Re: [Squeak-VMdev] Fw: Q: Lowest level VM changes

[David P. R. <dp...@re...>]

The only reason to do compiler changes might be to reorder code to increase 
the likelihood that you'd stay in the "math mode" for a long time. This is 
like compilers try to reorder code to get maximum benefit from the CPU 
pipeline and registers by moving loads earlier and stores later within 
basic blocks.

The generic strategy of an alternative interpreter that handles certain 
streams of operations optimistically and then backs up to retry with the 
standard one benefits most when there is a really fast really common 
case.   Integer calculations also would benefit, by the way, from also 
avoiding checks to see if the intermediates are bigger than 
small  integers, and so you could get very effective integer loops.

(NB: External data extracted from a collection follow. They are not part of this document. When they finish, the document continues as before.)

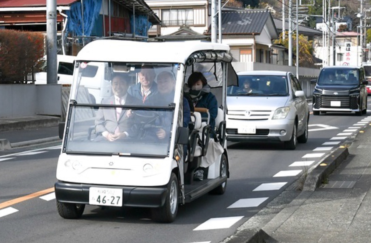 厚木市七沢地区で昨年12月18日、観光利用が期待されるエコな乗り物「グリーンスローモビリティ」の公道走行実験が始まった。
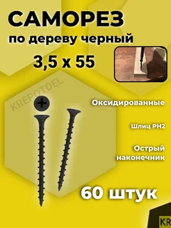 Саморез по дереву, черный, 3,5х55 мм, 60 шт
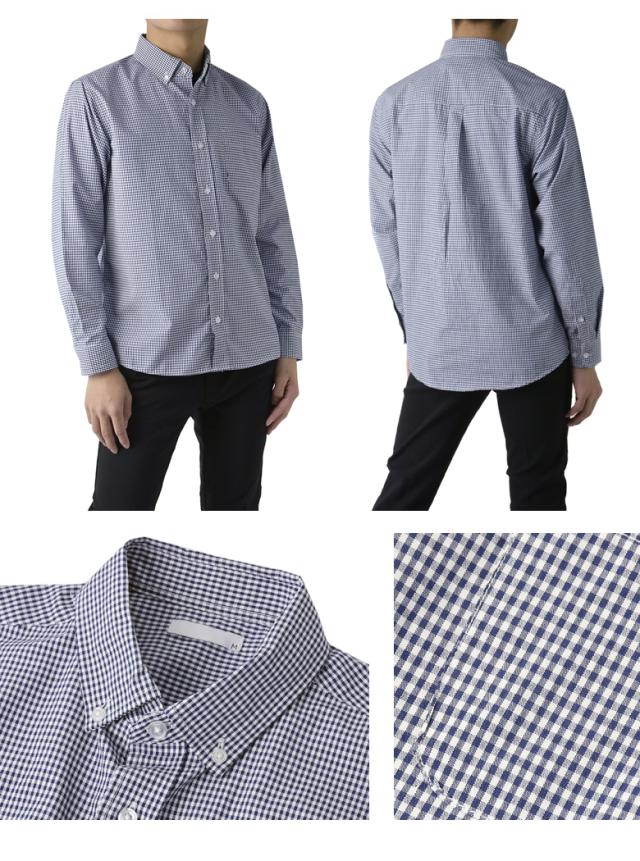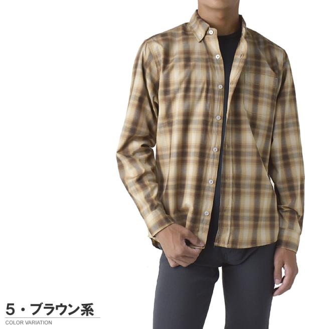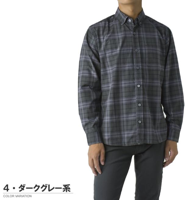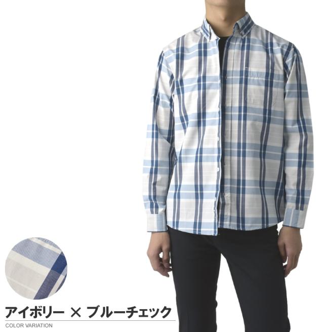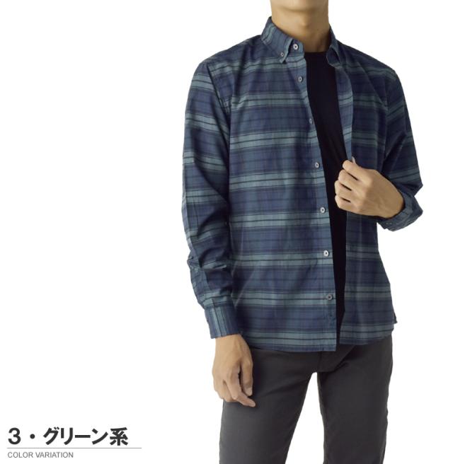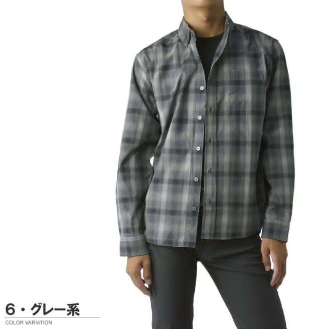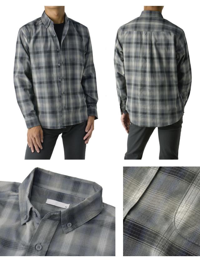 メンズ 長袖 ボタンダウンシャツ カジュアル コットン 綿混 イージーケア チェック ストライプ オンブレーチェック【A4M】【パケ2】
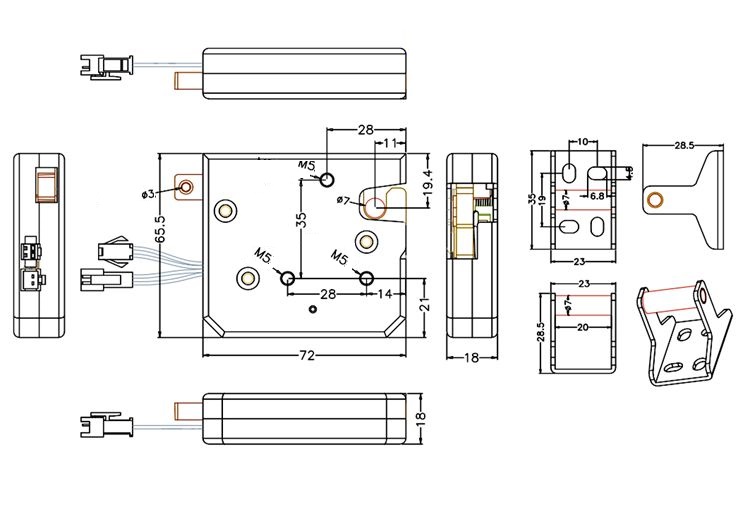 Замок имеет два провода:
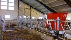 Det er fôrsentral i ene enden av bygget på ca 112 kvadratmeter. Her er det en Lely Vector som sørger for kontinuerlig utfôring av friskt fôr.
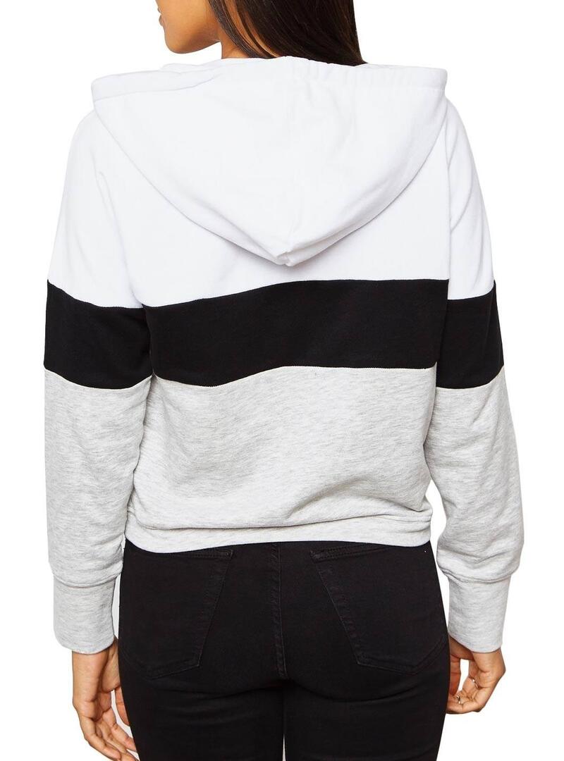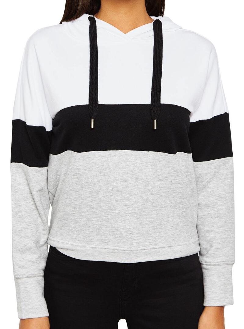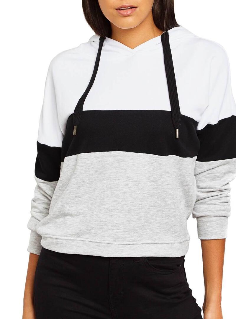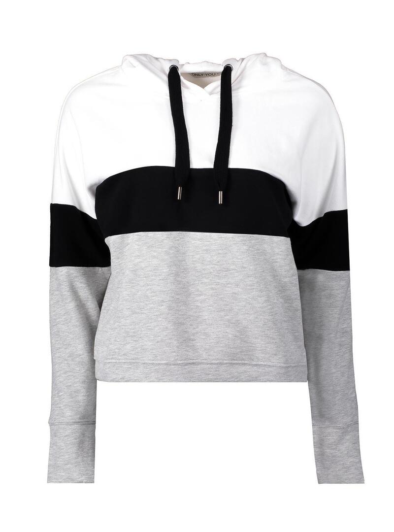 Sweat Only. Modelo Dorit Block. Cor cinzenta. Manga comprida. Capuz ajustável com cordão. Top em branco. Fundo em cinza. Linha de contraste preto.
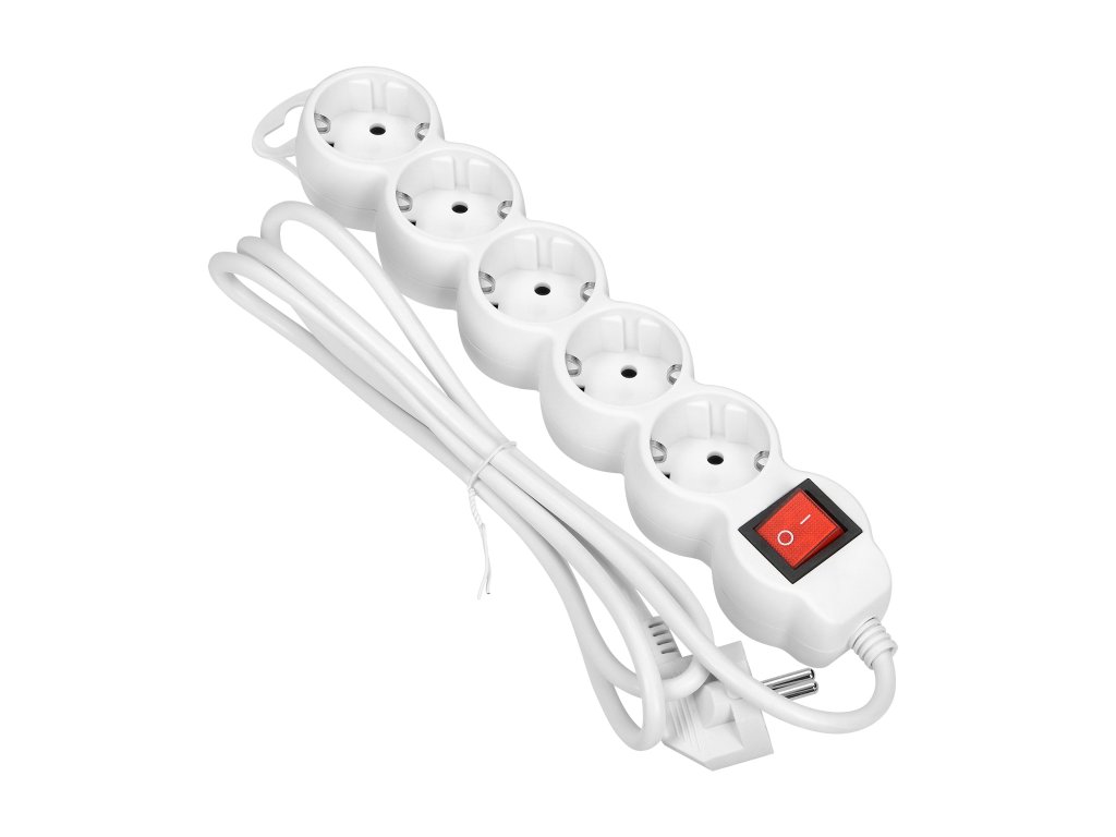 - Prepäťová ochrana: Tento biely prepäťový chránič chráni vaše elektronické zariadenia pred neočakávanými výkyvmi napätia a prepätiami, ktoré môžu spôsobiť ich poškodenie alebo výpadok.
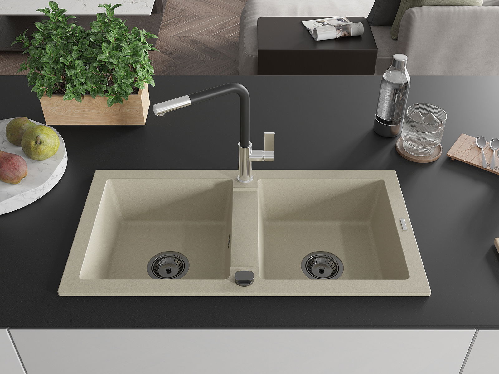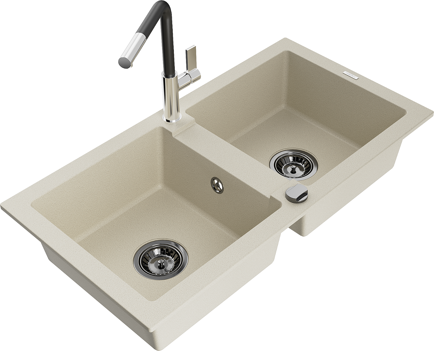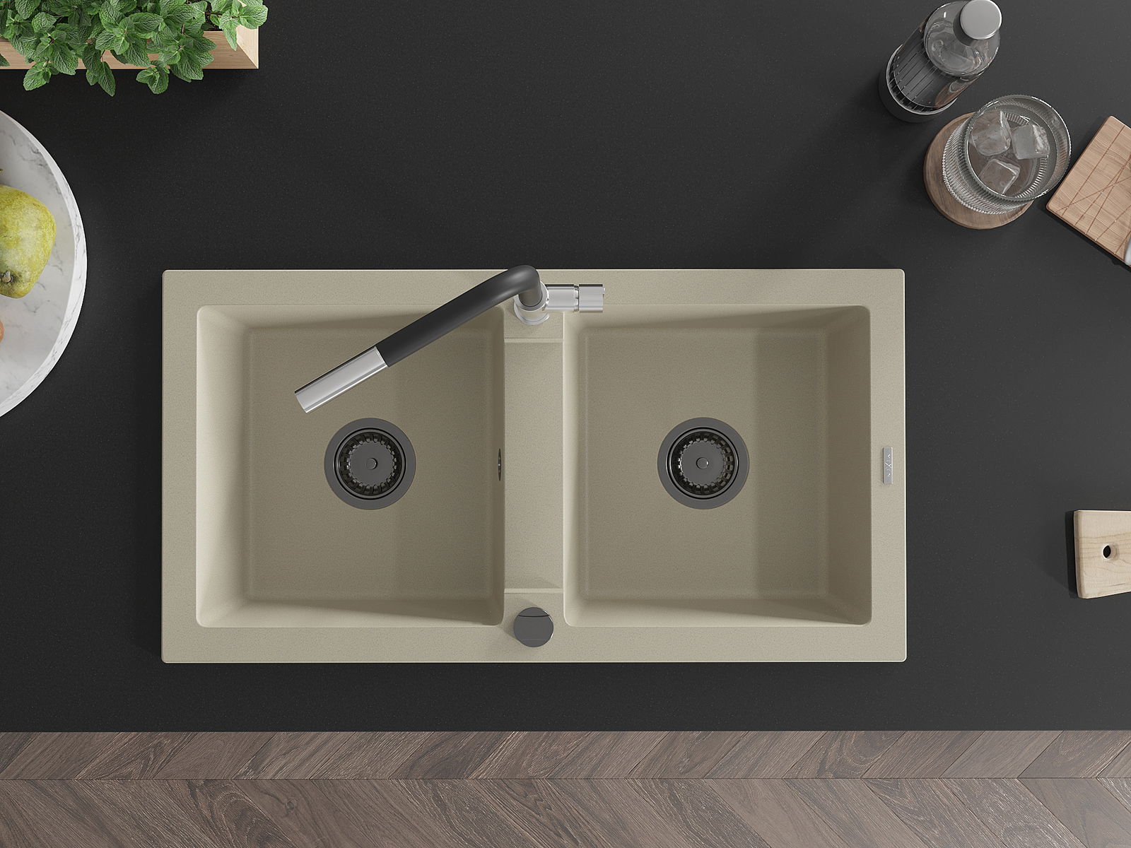 Mexen Mario двоен кухненски мивка с батерия Flora, бежов - 6504-69-670401-07-B
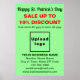 Light green poster for St. Patrick's Day that you can customise by specifying the discount percentage, sale dates, uploading your business logo, typing your business name, address, phone number, email and website. Customise it and display it to attract more customers to buy your products or clients to like your services. Please check the appearance after uploading logo and typing texts. If the appearance is pleasing to you, you can place your order now. If you need to resize and reposition the logo and texts to fit on this poster or on the size and style that you've chosen, please adjust in the design tool. You can also change the background colour, font colour and font style in the design tool. Happy St. Patrick's Day! Wishing you the best of luck, joy and more sales this holiday.
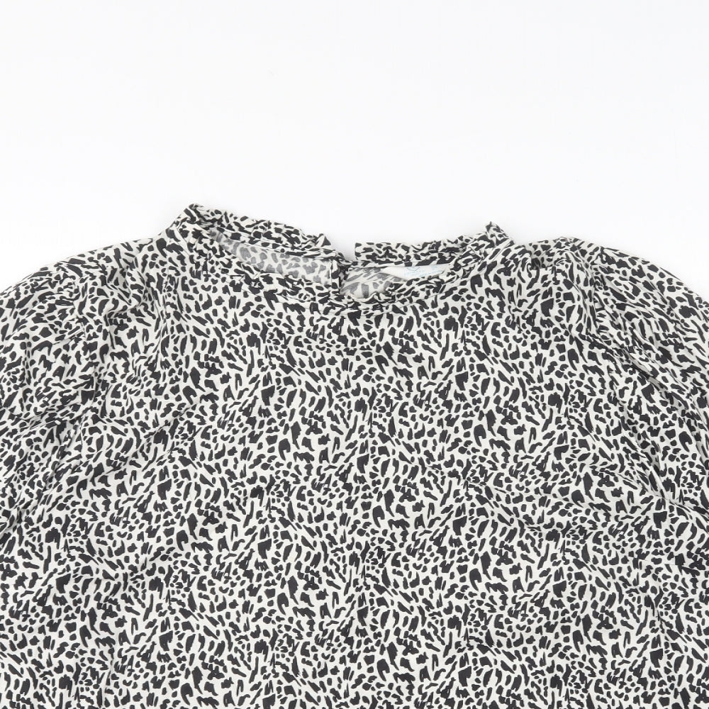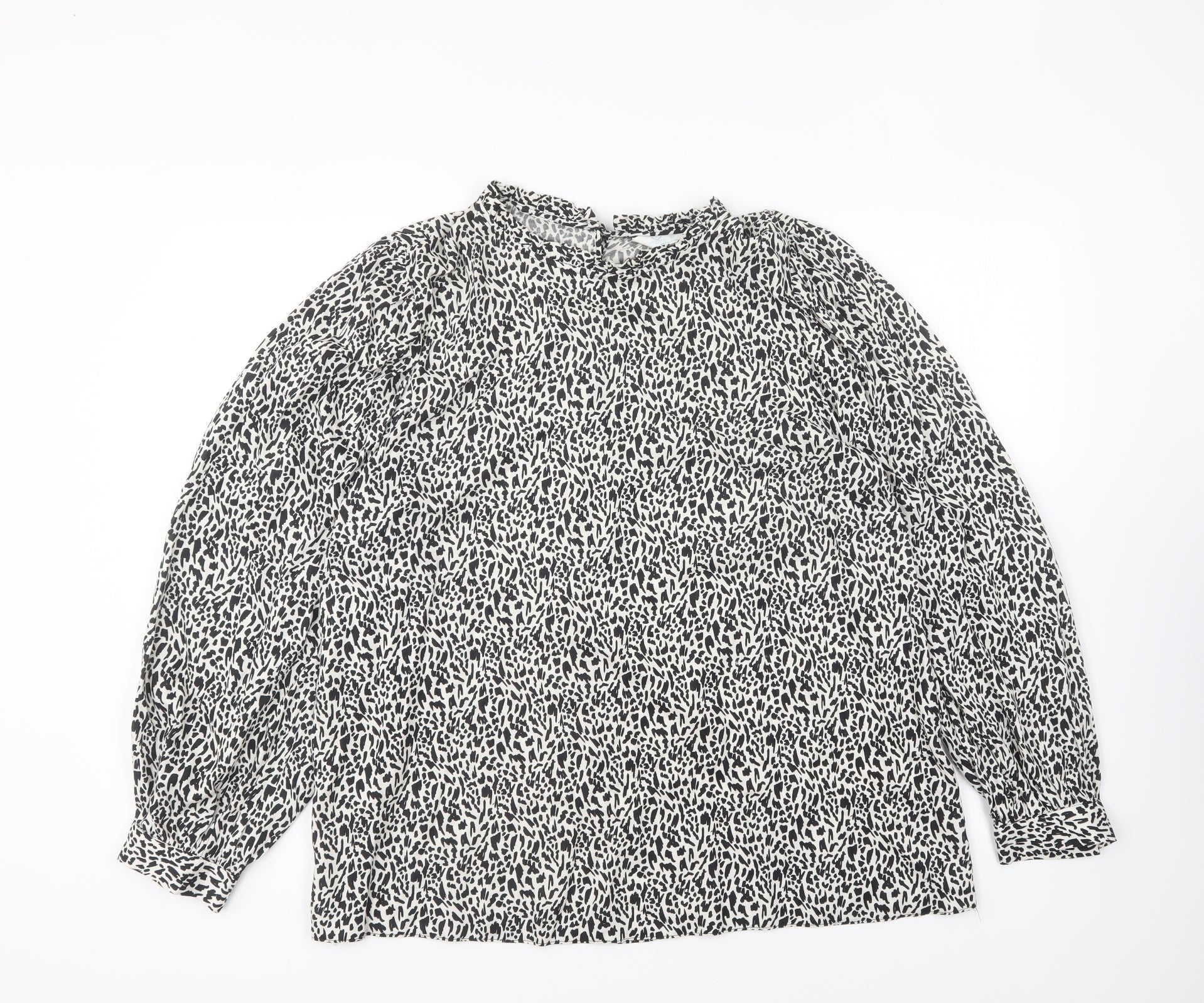 Primark Womens Black Geometric Viscose Basic Blouse Size 18 High Neck
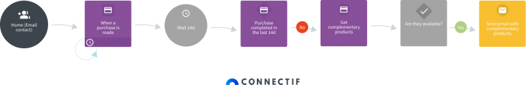When a purchase is registered, the system schedules a 14-day wait in order to detect future orders. If the client doesn’t buy again during that period, this workflow retrieves the latest items purchased by the client and complementary products (if applicable) are assigned. Then, an email with personalized recommendations is sent to the customer to encourage them to shop again.
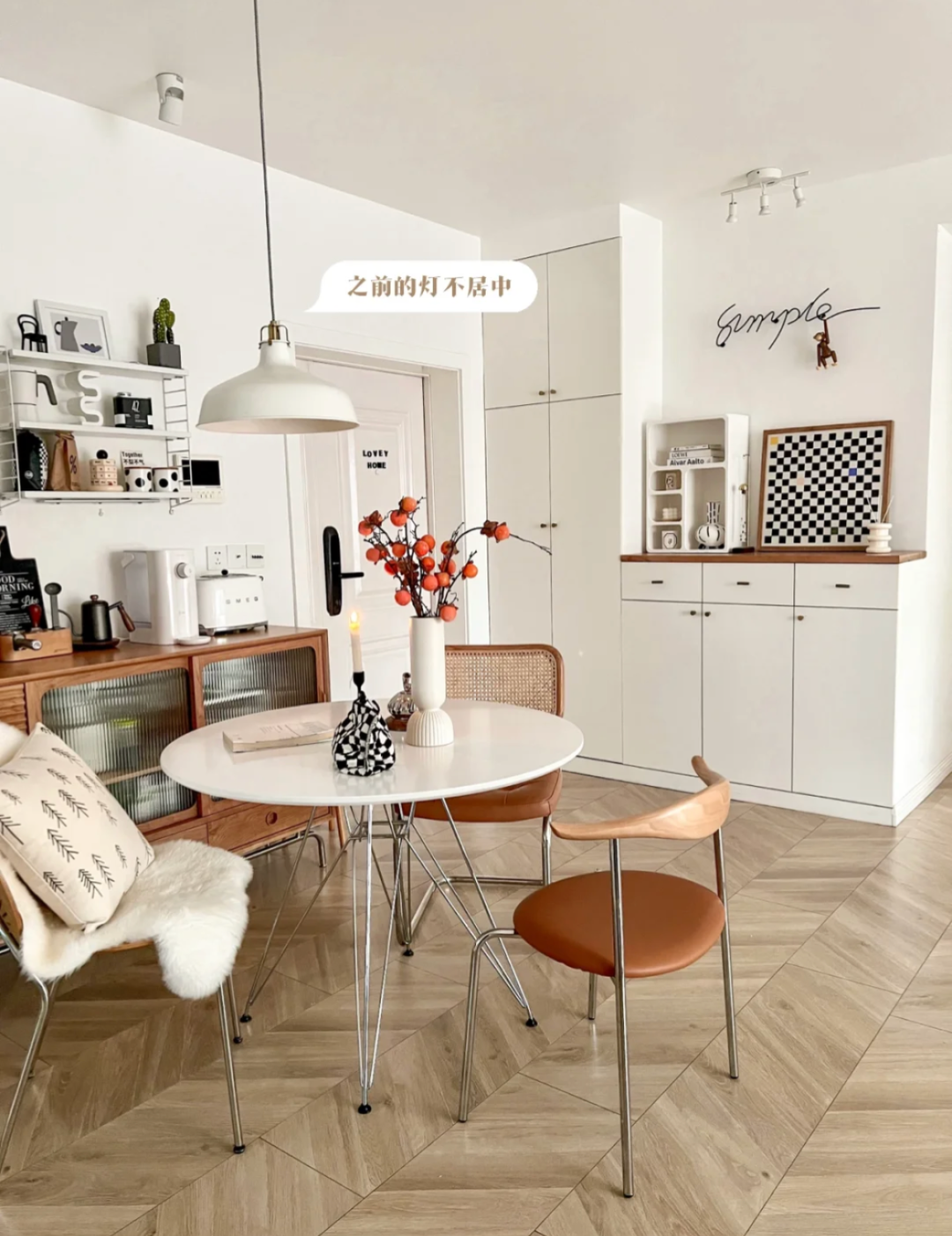 住友@小楠瓜Q_Q 为了加餐边柜,挪了挪餐桌,结果吊灯就不居中了,每天看着太难受。
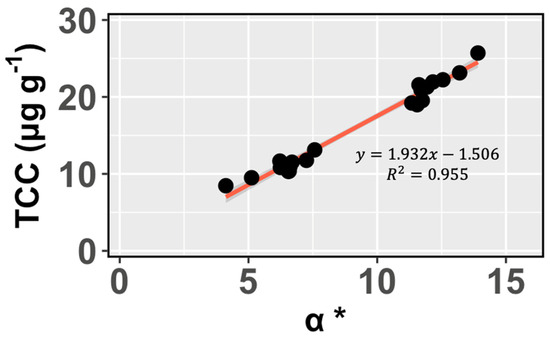 Correlation between different color values (a*) and total carotenoid content (TCC) in the abalone foot muscle. Each dot represents an individual abalone.
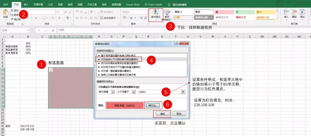 Step 05 框选数据,对数据设置条件格式。条件格式:如果框选区域内数据小于或等于86%,即填充颜色为红色,RGB为238.108.108.
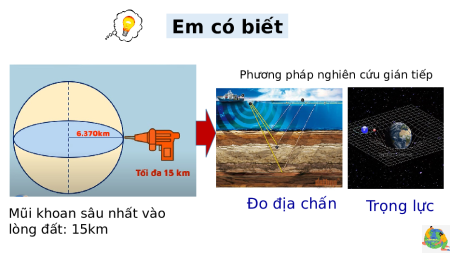 Phương pháp nghiên cứu gián tiếp Đo địa chấn Mũi khoan sâu nhất vào Trọng lực lòng đất: 15km
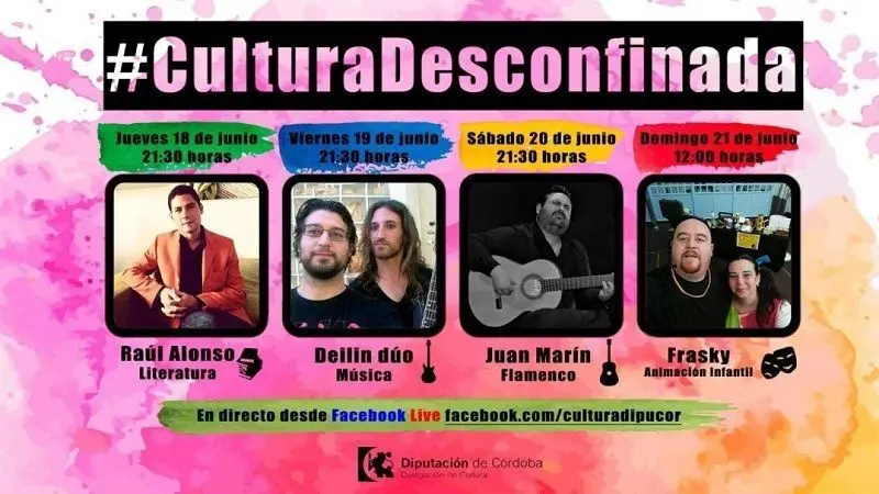 ‘Cultura desconfinada’ se compone de una serie de directos que con carácter semanal (de jueves a domingos) darán visibilidad a los distintos ámbitos de la cultura, abarcando desde la literatura a las artes escénicas, la música, el flamenco y propuestas infantiles.
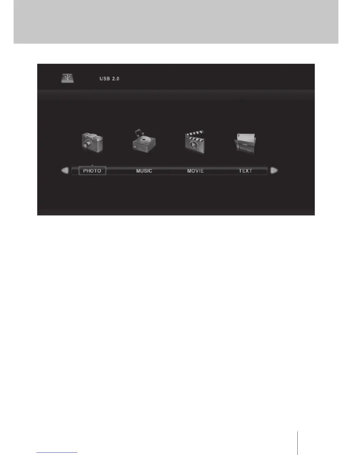 Nota: Prima di iniziare a lavorare con il menu Media, inserire il dispositivo USB, poi premere il pulsante

At 11:44 AM 4/7/2004, Ian Piumarta wrote:
>On 07 Apr 2004, at 17:21, Andreas Raab wrote:
>
>>From: "David P. Reed" <dp...@re...>
>>
>>>Prbably the biggest other win would be around making it much more
>>efficient
>>>to use floating point (which we do in tea-times as well as in the 3D
>>>stuff).   Since floats are put on the heap, it might be worth looking at
>>>the techniques we used in MACLISP interpretation to put intermediate
>>floats
>>>in a "number stack" that was much more efficiently allocated and freed
>>>(allocate = push onto the temporary number stack).   Coupled with
>>compiling
>>>sequences of math operations and tests into a "math mode" byte code stream
>>>that checks types on the inputs and then just runs a different byte code
>>>interpreter without any further type checking, this could speed up math a
>>>lot.   It's a kind of  optimistic or speculative execution concept.
>
>I think you could do this implicitly, at least for the special arithmetic 
>selectors.
>
>Dispatch bytecodes through a pointer to the bytecode table (identical to 
>what gnuification generates for the inner loop at present anyway) and on 
>creation of a float result push it onto the float stack and switch the 
>dispatch pointer to the "floating bytecode set".  Arithmetic selectors 
>continue to manipulate the float set until something non-arithmetic comes 
>along, triggering a pop and box of the float stack onto the regular stack 
>and a switch back to the regular dispatch pointer before continuing with 
>whatever bytecode we're up to.
>
>No compiler changes needed.
>
>Anton Ertl did something related (but different) in his vmgen, where 
>parallel bytecode sets are used to represent the state of caching the 
>topmost stack value in a register.
>
>With a little work this could maybe even be made to look fairly pretty in 
>the source (with the parallel implementations generated automagically of 
>the same source methods with compile-time conditionalised sections) and 
>extended to work for SIs too (or even matrices if they were every to 
>become a primitive type known to the arithmetic selectors directly).
>
>(Of course, the right solution is to generate and execute in native code 
>and do minimal dataflow analysis and method splitting to keep everything 
>unboxed and in registers as much as possible.  But I digress...)
>
>Cheers,
>Ian
>